Exchange-traded funds are securities that track an index or a basket of assets like an index fund, but trade like a stock. They provide the diversification of an index fund. Many ETFs have options associated with them and are therefore covered call candidates.

Disadvantages of using ETFs: The one glaring disadvantage is the lower return generated by using these funds as the underlying security rather than individual securities. Expect returns between 1 1/2% and 2% (per month) rather than 2-4% in normal market conditions. This is a result of the fact that we are using a basket of stocks which reduces the overall volatility of the underlying, making the option premium less valuable. For this reason I prefer individual equities but will use these securities in certain situations (earnings season and my mother’s more conservative portfolio, for example). These are also appropriate for ultra-conservative investors and during extreme market volatility.

Advantages of using ETFs:

  • Instant diversification
  • No concern about earnings reports or same store monthly retail sales reports
  • Requires less of an original investment
  • Less management needed

How to select ETFs for your Covered Call Portfolio:

Since we are dealing with a basket of stocks, fundamental analysis becomes less of a requirement. So I come back to what I consider the most critical factor to consider: What are the institutional investors doing regarding this security? To resolve this issue I compare a 3-month chart of the S&P 500 (“the market”) to various selected ETFs. The BCI team screens hundreds of ETFs each week and publishes the top-performers on our premium site. In this article we will focus in on the Select Sector SPDRS. Here is a sample bar chart which displays all 9 Select Sector SPDRS:

9 Select Sector SPDRS

At the date of publication of the Premium ETF Report, we chart the top-three performers and compare it to the market benchmark. Here is one such chart:

Top-three Select Sector SPDRS

  1. XLU- $34.50
  2. XLI- $32.50
  3. XLY- $38

Next, let’s assume a portfolio with cash available of $50k. We will set aside 2%-4% for possible future exit strategy execution. That leaves 3 securities and $48k to spend. We will give equal cash allocation of approximately $16k per security as we round off to the nearest 100 (we need 100 shares per contract).  Let’s calculate:

Cash Allocation

Since we spent $48,700, we will have a cash balance of $1300 from our original $50k for possible exit strategy execution.

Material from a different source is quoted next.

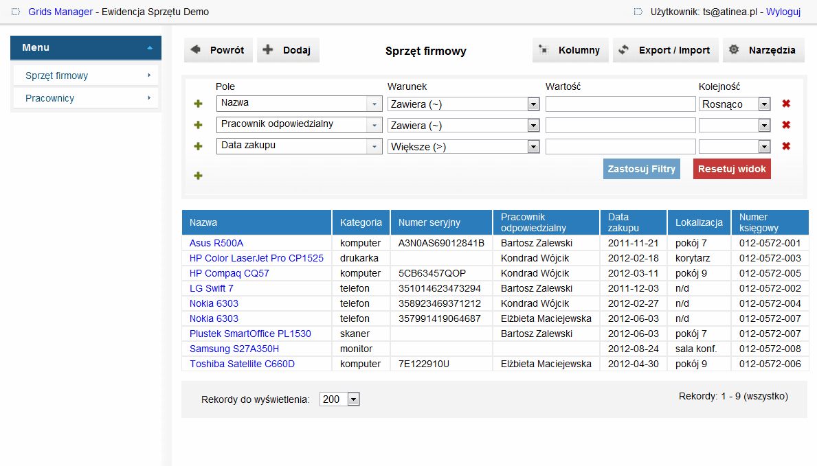 - przypisywanie urządzeń do pracowników, którzy za nie odpowiadają,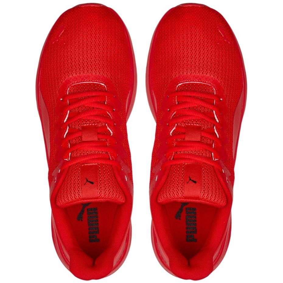 Moderni, kevyt juoksu- ja harjoituskengät PUMA -tuotemerkistä - mallin kuljetus moderni ilmeisellä punaisella versiolla. Suunniteltu päivittäiseen kovaan pintaharjoitteluun, ne yhdistävät hengittävyyden ja mukavuuden kiinteän jalkapidon kanssa.

Next, access the option chains and enter the stats into the Ellman Calculator:

Ellman Calculator

The 1-month initial return is about 2.5% slightly higher than normal due to the market volatility at the time this article was written. The cash generated per contract (not including small commissions) is as follows:

XLU: 5 x $66 = $330

XLI: 5 x $80 = $400

XLY: 4 x $120 = $480

The total cash generated is $1210.

The percentage initial return is $1210/$48,700 = 2.48%.

You will note that I used near-the-money strikes which generate the highest initial returns. Based on your market assessment you can take a more or less aggressive stance.

Conclusion:
The use of ETFs in our covered call portfolios has its advantages and disadvantages. Understanding these pros and cons will help us determine how and when to utilize these securities.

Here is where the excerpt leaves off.